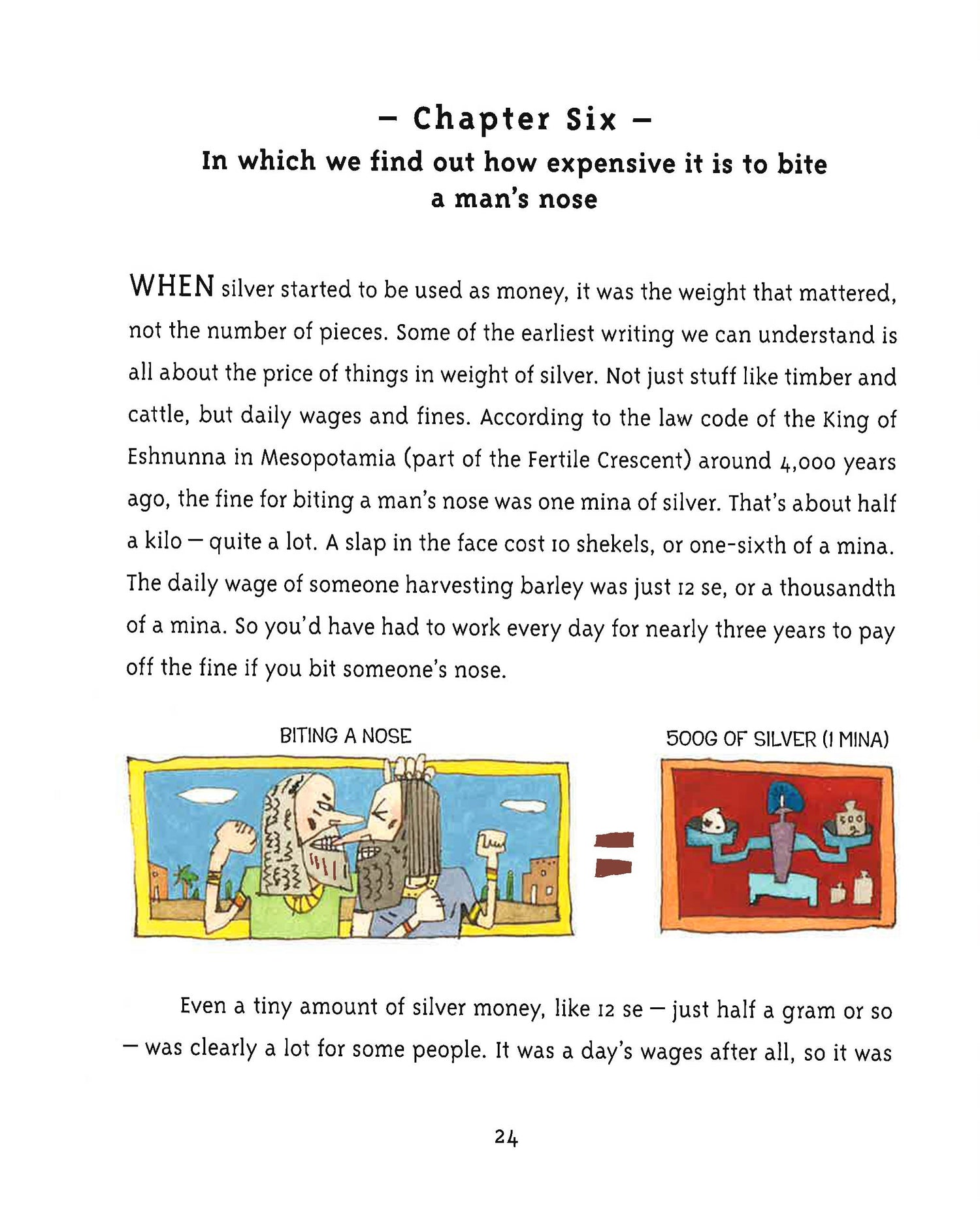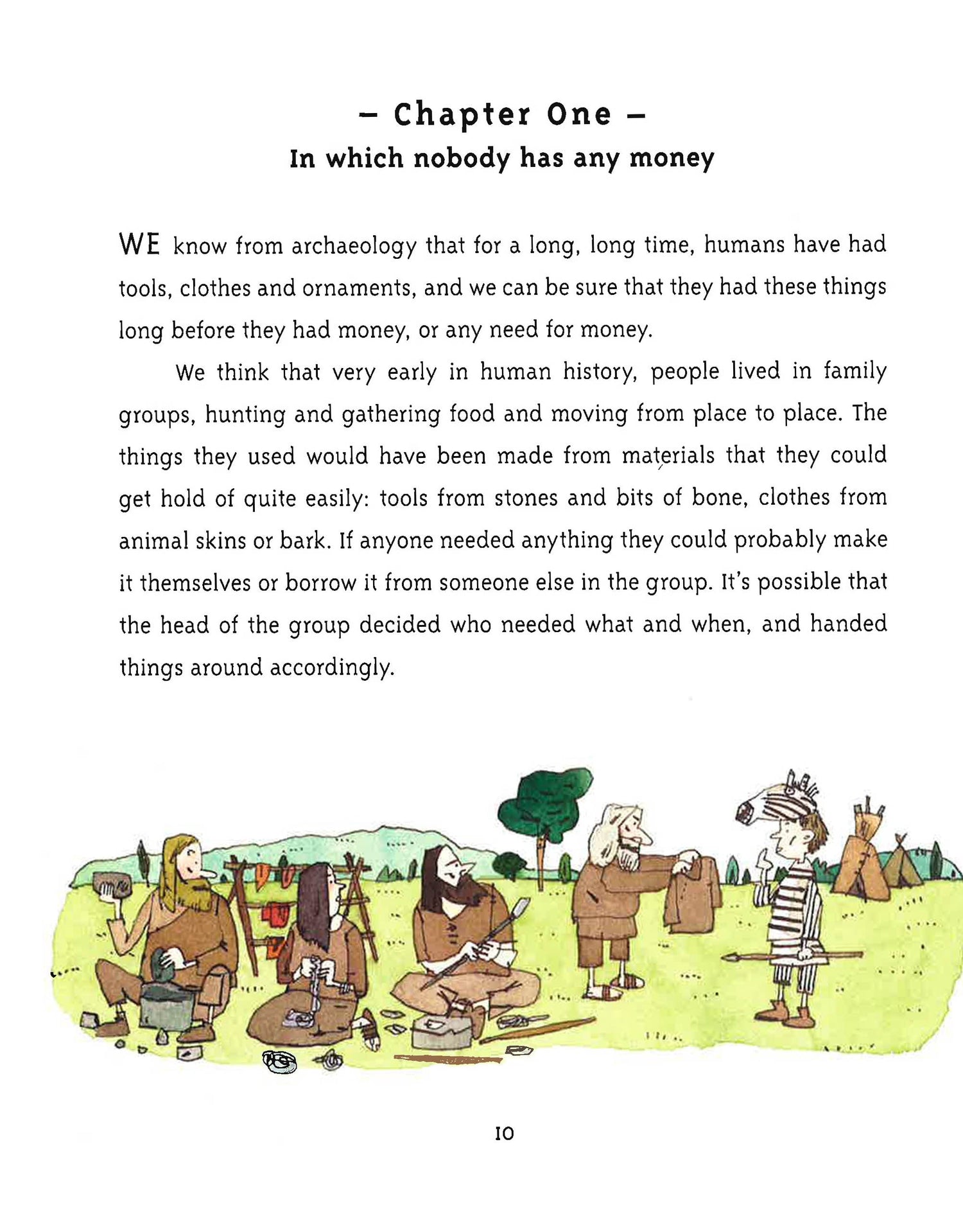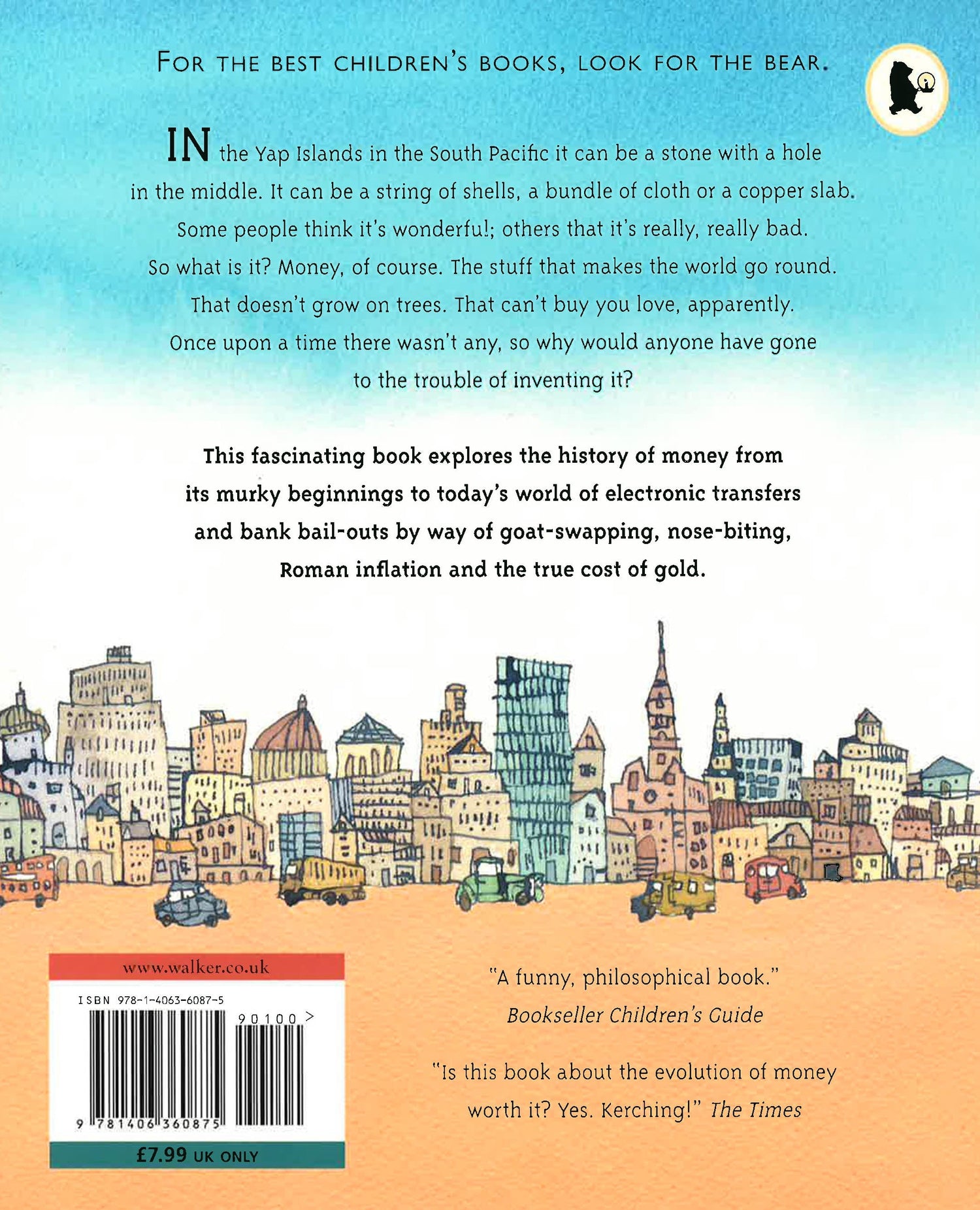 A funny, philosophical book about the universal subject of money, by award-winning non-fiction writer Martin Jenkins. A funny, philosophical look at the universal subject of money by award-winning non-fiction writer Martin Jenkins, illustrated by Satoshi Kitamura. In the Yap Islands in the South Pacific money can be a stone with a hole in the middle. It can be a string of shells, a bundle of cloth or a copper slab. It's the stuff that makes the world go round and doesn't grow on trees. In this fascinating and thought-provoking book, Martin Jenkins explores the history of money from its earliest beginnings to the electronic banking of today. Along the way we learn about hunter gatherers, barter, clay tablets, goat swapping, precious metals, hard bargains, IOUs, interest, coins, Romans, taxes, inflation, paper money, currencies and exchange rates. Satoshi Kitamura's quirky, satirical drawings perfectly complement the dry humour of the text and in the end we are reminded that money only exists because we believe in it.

==

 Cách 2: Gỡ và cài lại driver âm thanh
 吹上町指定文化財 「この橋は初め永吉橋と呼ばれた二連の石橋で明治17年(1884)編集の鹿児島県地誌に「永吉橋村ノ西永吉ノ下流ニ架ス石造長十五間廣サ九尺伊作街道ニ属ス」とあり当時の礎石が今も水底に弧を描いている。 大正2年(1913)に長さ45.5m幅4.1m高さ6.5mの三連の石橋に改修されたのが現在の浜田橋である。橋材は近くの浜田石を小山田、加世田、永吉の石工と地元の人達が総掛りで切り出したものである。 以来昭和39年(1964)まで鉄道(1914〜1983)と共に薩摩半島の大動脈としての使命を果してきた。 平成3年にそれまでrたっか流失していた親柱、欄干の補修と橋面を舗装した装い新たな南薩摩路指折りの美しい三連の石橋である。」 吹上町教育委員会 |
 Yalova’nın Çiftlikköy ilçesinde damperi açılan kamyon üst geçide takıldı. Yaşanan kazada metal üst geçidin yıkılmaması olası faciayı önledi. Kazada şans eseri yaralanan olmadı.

EXERCISE REQUIREMENTS:
From the data above, return every line from the line that has "Cách 2: Gỡ và cài lại driver âm thanh" up to and including the line that has "Yalova’nın Çiftlikköy ilçesinde", exactly.

YOUR SOLUTION:
 Cách 2: Gỡ và cài lại driver âm thanh
 吹上町指定文化財 「この橋は初め永吉橋と呼ばれた二連の石橋で明治17年(1884)編集の鹿児島県地誌に「永吉橋村ノ西永吉ノ下流ニ架ス石造長十五間廣サ九尺伊作街道ニ属ス」とあり当時の礎石が今も水底に弧を描いている。 大正2年(1913)に長さ45.5m幅4.1m高さ6.5mの三連の石橋に改修されたのが現在の浜田橋である。橋材は近くの浜田石を小山田、加世田、永吉の石工と地元の人達が総掛りで切り出したものである。 以来昭和39年(1964)まで鉄道(1914〜1983)と共に薩摩半島の大動脈としての使命を果してきた。 平成3年にそれまでrたっか流失していた親柱、欄干の補修と橋面を舗装した装い新たな南薩摩路指折りの美しい三連の石橋である。」 吹上町教育委員会 |
 Yalova’nın Çiftlikköy ilçesinde damperi açılan kamyon üst geçide takıldı. Yaşanan kazada metal üst geçidin yıkılmaması olası faciayı önledi. Kazada şans eseri yaralanan olmadı.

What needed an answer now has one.